Breen ran an 11.11 seconds in Canberra two weeks ago to claim the national record and followed that up with an 11.15 seconds in the final of the same meet.

But that was with Sally Pearson alongside her, pushing her all the way.

Pearson pulled out of the event early on Saturday to concentrate on her 100m hurdles.

Victorian Ashleigh Whittaker was the next best behind Breen, with a time of 11.58 seconds.

Having someone breathing down your neck as you run would be a massive catalyst to go quicker.

"I was disappointed with the time; I thought I would have run a bit quicker," Breen said.

"The Canberra race was during the day and I think that's great for sprinting to run in the daytime.

"I have to be realistic. Every time I run I won't break the national record.

"But to run another A-Qualifier for the Commonwealth Games is awesome."

Breen will look to add a 200m A-Qualifier time in the next month and hopes that a 4x100m womens' relay team will also be a part of her schedule in Glasgow.

"The girls are really coming through and it's exciting to have a good team for the 100m

"Hopefully we'll get one this year, then get one at the Worlds and then at Rio."

Long jump

Victorian long jumper Brooke Stratton is inching closer towards a spot on the plane to Glasgow for the Commonwealth Games each time she competes.

The 20-year old was just 3cm short of producing an A-Qualifier in the long jump at the Perth Track Classic, with a personal best of 6.62m.

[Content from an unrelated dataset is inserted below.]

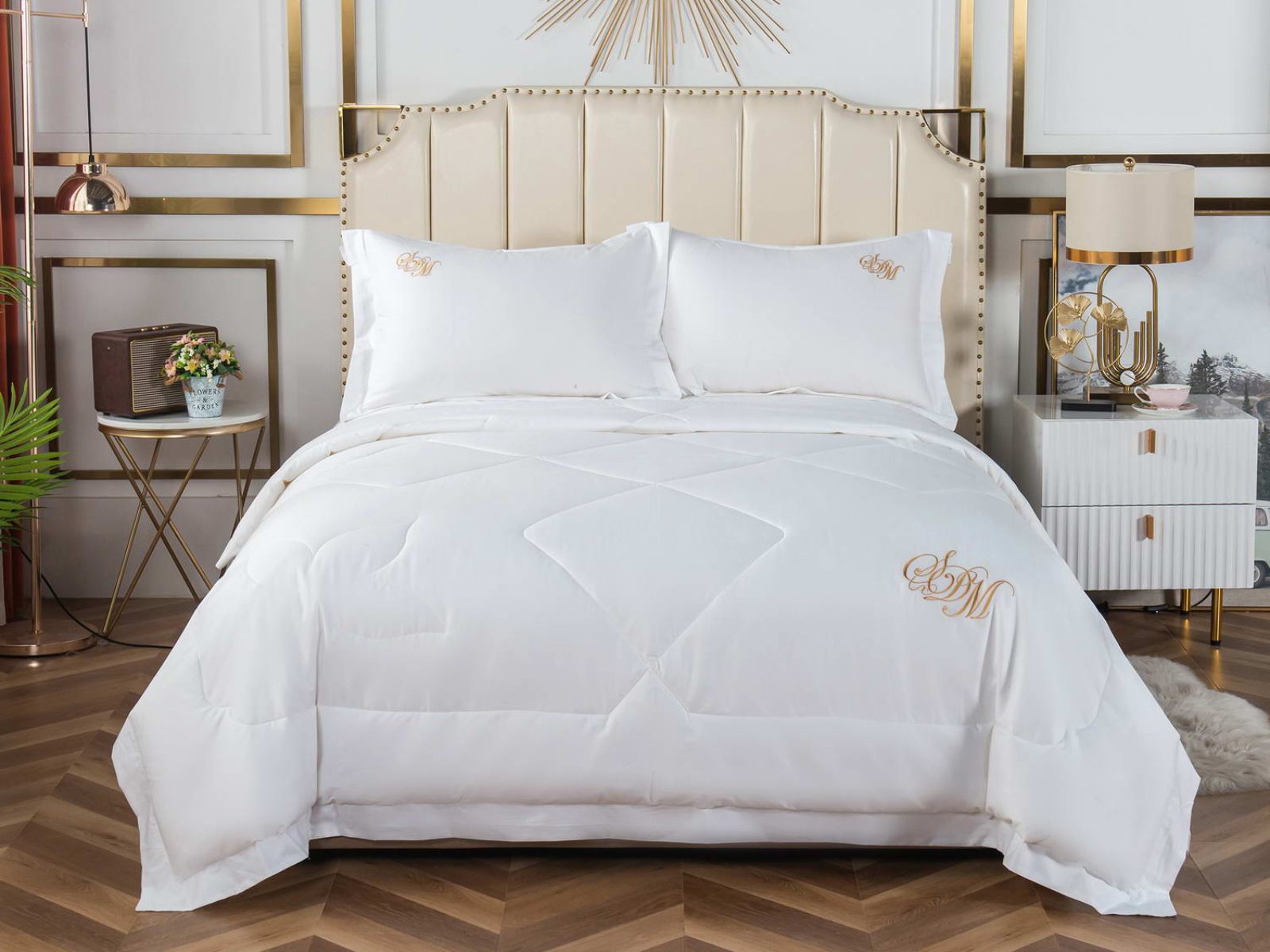Элегантные комплекты постельного белья с одеялом премиум класса из нежной, натуральной ткани макосатин Нельсон. Этот материал обладает рядом важных качеств: он прочный, но мягкий, гладкая поверхность придает постельному белью красивый внешний вид. Натуральная ткань не вызывает аллергии и раздражения, такое постельное белье приятно использовать в любое время года, и в жару, и в холод.

It was her second B-Qualifier for the season, after an earlier jump of 6.60m.

And it may be enough for her to make the national team.

But Stratton is not interested in relying on results to fall her way.

"I have two or three competitions coming up and I'm looking forward to working on a couple of things in that timeframe and come out and jump big at nationals and secure my spot for Glascow," she said.

"Come Commonwealth Games trials (Melbourne April 3-6), hopefully I can get within an A-Qualifier.

"It's only 3cm, so fingers crossed."

For the past two years though, Glasgow was a lot further away that 3cm.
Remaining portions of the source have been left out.